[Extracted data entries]
....

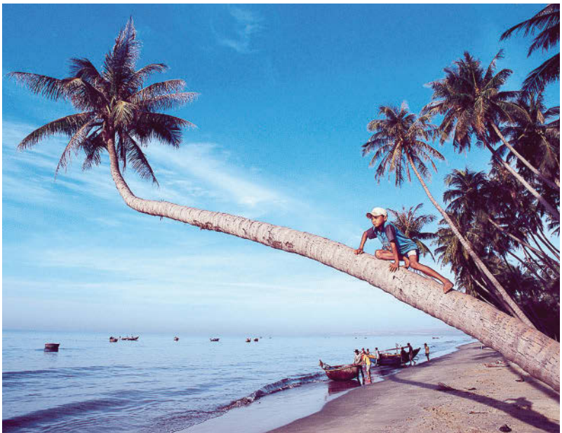
Am Strand von Mui Ne

Das gilt umso mehr für das Mekong-Delta , ein gigantisches Fluss- und Kanalsystem von 40 000 km 2 Fläche – fast so groß wie die Schweiz. Den Reichtum der Natur kann man mit Händen fassen. Reisfelder bis zum Horizont, Gärten mit tropischen Früchten,
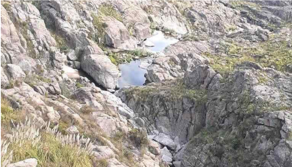
Los condores los condores
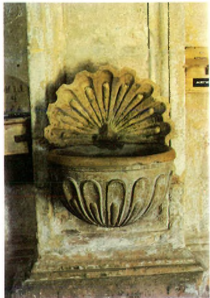
Afb. 3 Wijwatervat

Houdt uw koffiepauze op lange ritten eens in de buurt van een mooi oud kerkje. Loop er op het heetst van de dag even binnen en ontdek soms iets bijzonders, maar misschien ook wel een mooi oud wijwatervat, dat onmiskenbaar ontleend is aan de vorm van de Pecten (Afbeelding 3). Maar zulke voorbeelden van ornamentering gebaseerd op de Pecten vorm zijn er legio. Richt Uw blik maar eens naar het plafond in de Sixtijnse Kapel in Rome en u zult versteld staan (afbeelding 2).
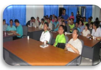
ภาพ 3 : กิจกรรม ณ ต.ทุ่งกระพังโหม
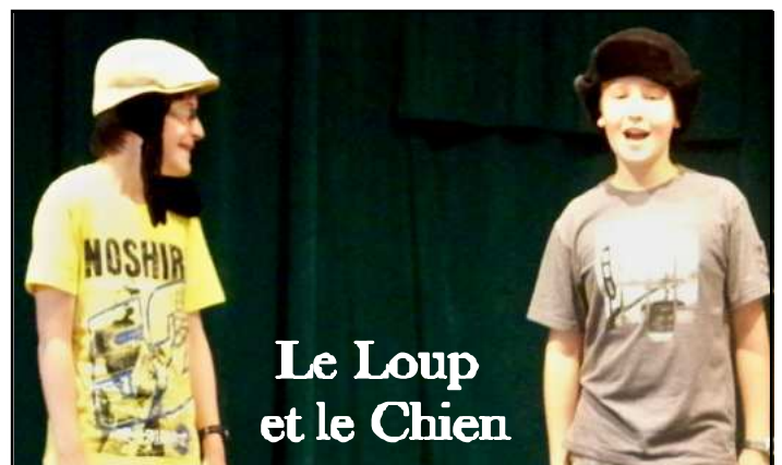
Le Loup et le Chien
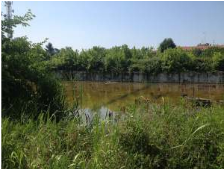
VISTA 06. Vista del piano interrato da destinare a parcheggio.

....

DESCRIPTION OF THE TASK
Output the data exactly. Pictures don't belong in the result.

EXERCISE ANSWER
Am Strand von Mui Ne

Das gilt umso mehr für das Mekong-Delta , ein gigantisches Fluss- und Kanalsystem von 40 000 km 2 Fläche – fast so groß wie die Schweiz. Den Reichtum der Natur kann man mit Händen fassen. Reisfelder bis zum Horizont, Gärten mit tropischen Früchten,
Los condores los condores
Afb. 3 Wijwatervat

Houdt uw koffiepauze op lange ritten eens in de buurt van een mooi oud kerkje. Loop er op het heetst van de dag even binnen en ontdek soms iets bijzonders, maar misschien ook wel een mooi oud wijwatervat, dat onmiskenbaar ontleend is aan de vorm van de Pecten (Afbeelding 3). Maar zulke voorbeelden van ornamentering gebaseerd op de Pecten vorm zijn er legio. Richt Uw blik maar eens naar het plafond in de Sixtijnse Kapel in Rome en u zult versteld staan (afbeelding 2).
ภาพ 3 : กิจกรรม ณ ต.ทุ่งกระพังโหม
Le Loup et le Chien
VISTA 06. Vista del piano interrato da destinare a parcheggio.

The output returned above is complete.